By John Steele Gordon
It’s a Chinese saying that “wars are fought with silver bullets.” And in the spring of 1813, in a war with Great Britain, we didn’t have any. The Treasury was empty, the country’s ability to borrow was small. The territorial integrity, perhaps the very independence, of the United States was in deep jeopardy.
In 1811 Congress had refused to renew the charter of the Bank of the United States, which had been the prime means by which the federal government borrowed money. The following year, Congress declared war on the only country on the planet capable of attacking the United States, offered generous pay and enlistment bonuses for men joining the army and then adjourned without making any provision to pay for the war.

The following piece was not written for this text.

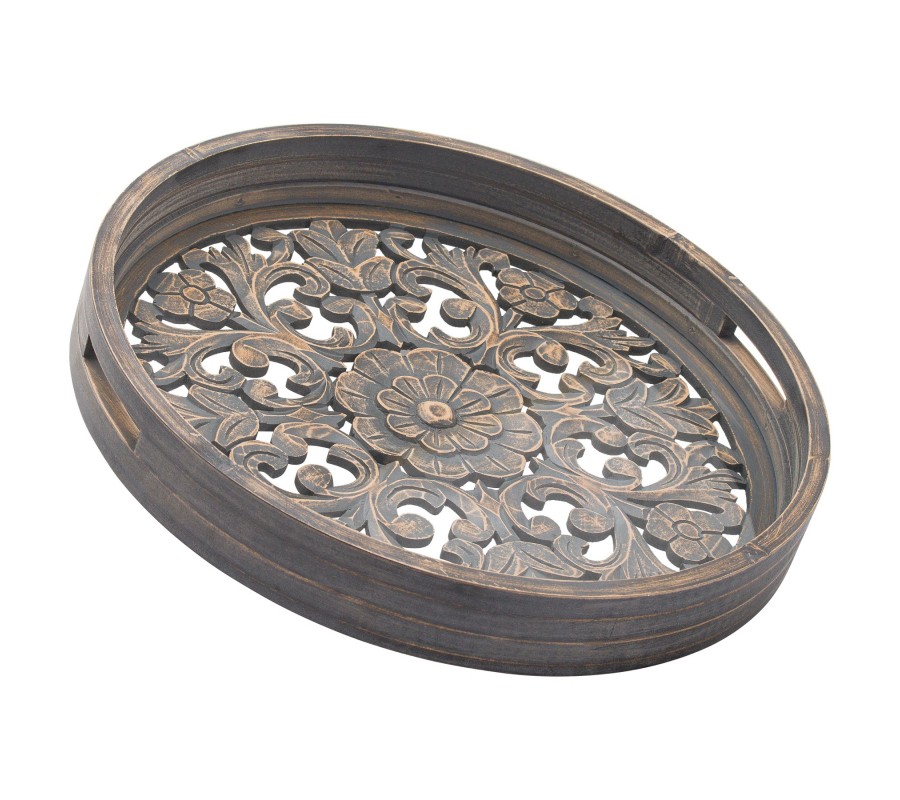 Štýlový set dvoch podnosov Marion je skvelým doplnkom pre každého milovníka ručnej práce a orientálneho štýlu. Kruhové podnosy vyrobené z dreva sú zdobené nádherným a precíznym ručným vyrezávaním. Florálne motívy sa hodia skutočne všade a vďaka neutrálnej hnedosivej farbe ich možno využiť aj vo farebnejšie ladených priestoroch. Set podnosov Marion je praktickým spoločníkom každej orientálne či etno ladenej domácnosti.

By March of 1813 the federal government was broke. A series of military reverses had made the country’s prospects for winning the war dubious. That made the public reluctant to buy government bonds, fearing that the government, defeated in war, would default. Treasury Secretary Albert Gallatin had offered a $16 million bond issue. He had structured it to make it easy for small investors to participate. But too few had. If the whole issue was not subscribed, then no bonds would be sold and the war effort would collapse.
With the deadline for the bond offering looming, Gallatin went to Philadelphia on April 5 and called on Stephen Girard.
Born in France, the son of a sea captain, Girard had been born with a deformed right eye, sightless from birth or soon afterwards. It bulged from the socket like a fish eye. Shy as a result, he never allowed his portrait to be painted in his lifetime. After a short career as a sea captain, venturing as far as California, he settled in Philadelphia in 1776.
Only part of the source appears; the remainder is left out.